Подняв свои когтистые лапы, существо шагнуло ко мне. В его лапах блеснуло что-то металлическое — что-то совершенно не свойственное животному. Хотя я толком не рассмотрел этот предмет, инстинктивно почувствовал опасность.
Я бросился в сторону. Темноту разорвал громкий взрыв. Он отдался эхом в моих ушах и заставил меня покачнуться. Я зашатался, споткнулся о корень и рухнул на землю.
Меня тут же охватил туман, нахлынувший на меня, как волна, и подавивший мой крик. Я закашлялся и стал отчаянно хватать ртом воздух. Туман проник в мое горло и парализовал его. Это был не обычный туман: у меня возникло ощущение, будто я глотаю безвкусный сироп. На мгновение мне показалось, что я вот-вот задохнусь, но затем вдруг чья-то сильная рука подняла меня на ноги и как следует встряхнула.
— Да возьмите же себя в руки, мужчина, — послышался чей-то голос.
Мужской голос!
Я с трудом поднял глаза.
Женщина-крыса исчезла, словно видение, а вместе с ней исчез и весь легион кошмарных существ. Теперь на ее месте стоял великан — мужчина, который был выше меня ростом на целую голову. Я ожидал увидеть что угодно: ужасную физиономию, щупальца доисторического гиганта или же что-нибудь в этом роде — но никак не того, кого я увидел.
— Син! — воскликнул я.
Мой голос не был похож на человеческий. Воздух, выходивший у меня изо рта, смешивался с клубами тумана.
Я молча уставился на человека, которого в последний раз видел еще в Дернессе.
И он тогда был воплощением моего мертвого отца Родерика Андары!
Был погожий солнечный день, и При разрешили — в сопровождении миссис Санди — погулять по раскинувшемуся рядом громадному парку. Солнечные лучи щекотали ее кожу, и она с сожалением думала о том, что зима вот-вот снова вступит в свои права. Радость, охватившая ее от ощущений солнечного дня, ни разу не была испорчена мистером Балтимором, который сегодня, как ни странно, оставил При в покое.
Когда они поднималась по ровным узким ступенькам из блестящего камня, в ее шагах ощущалась прежняя энергия, а мысли, мучившие ее несколько последних месяцев, отошли на задний план.

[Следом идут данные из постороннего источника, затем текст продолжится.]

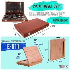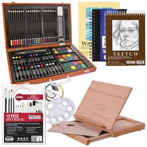 Um conjunto completo de pintura, desenho e desenho profissional de luxo de 104 peças de qualidade premium que contém tudo o que um artista precisa para criar suas obras primas Aspirantes a artistas, estudantes de arte e artistas profissionais adoram usar este divertido, e fácil de usar conjunto de pintura e desenho de arte Este conjunto é um excelente presente para aniversários e feriados. Este conjunto inclui um incrível conjunto de arte de caixa de madeira de 82 peças contendo 24 bolos de tinta aquarela de nível profissional premium, 3 bandejas de mistura, 2 pincéis, 24 cores pastel de óleo premium, 24 lápis de cor premium, 2 2B lápis de grafite, apontador de lápis, borracha e uma régua. Este conjunto de criatividade exclusivo também vem com 20 peças adicionais um bloco de papel de pintura em aquarela de 24 folhas, um bloco de papel de esboço premium de 30 folhas, um caderno de esboços de campo rígido premium de 80 folhas, 15 pincéis premium, uma paleta de pintura de plástico e um roda de mistura de cores. O conjunto também inclui um cavalete de mesa sólido Solana Beechwood profissional que possui uma gaveta de zenamento com três compartimentos para organizar tintas, pincéis, ferramentas e outros materiais de arte essenciais Marca: Não Informado

Доктор Балтимор был плохим человеком, он все время пытался ее убедить, что она больна. Но ведь это он был болен и — по единодушному мнению окружающих — нуждался в помощи. Он держал ее здесь как пленницу, и только тот, кто мог заглянуть в глубину его черной души, наверное, понял бы, зачем ему это было нужно.
При не сделала ему ничего плохого. Впрочем, она вообще никому не причинила вреда, и держать ее здесь было просто бесчеловечно и подло. Там, снаружи, ее ждал огромный мир, и она поклялась себе, что это ожидание не будет вечным.
Придет день, когда она вырвется из этого заточения. Эйкорн, Сантерс и она сама образовывали единую мощную силу, перед которой не мог устоять даже доктор Балтимор.
Она хихикнула при мысли о том, что сказал бы этот чудный доктор, если бы узнал, куда она сейчас идет. В доме все спали, и, естественно, пациентам не разрешалось проводить по ночам тайные встречи. Тем более такие вот встречи — настоящие собрания.
Как, кстати называл их Эйкорн? В названии фигурировало слово «месса». Ах да, он называл их «черная месса». Собравшиеся умоляли силы зла помочь им положить конец произволу доктора.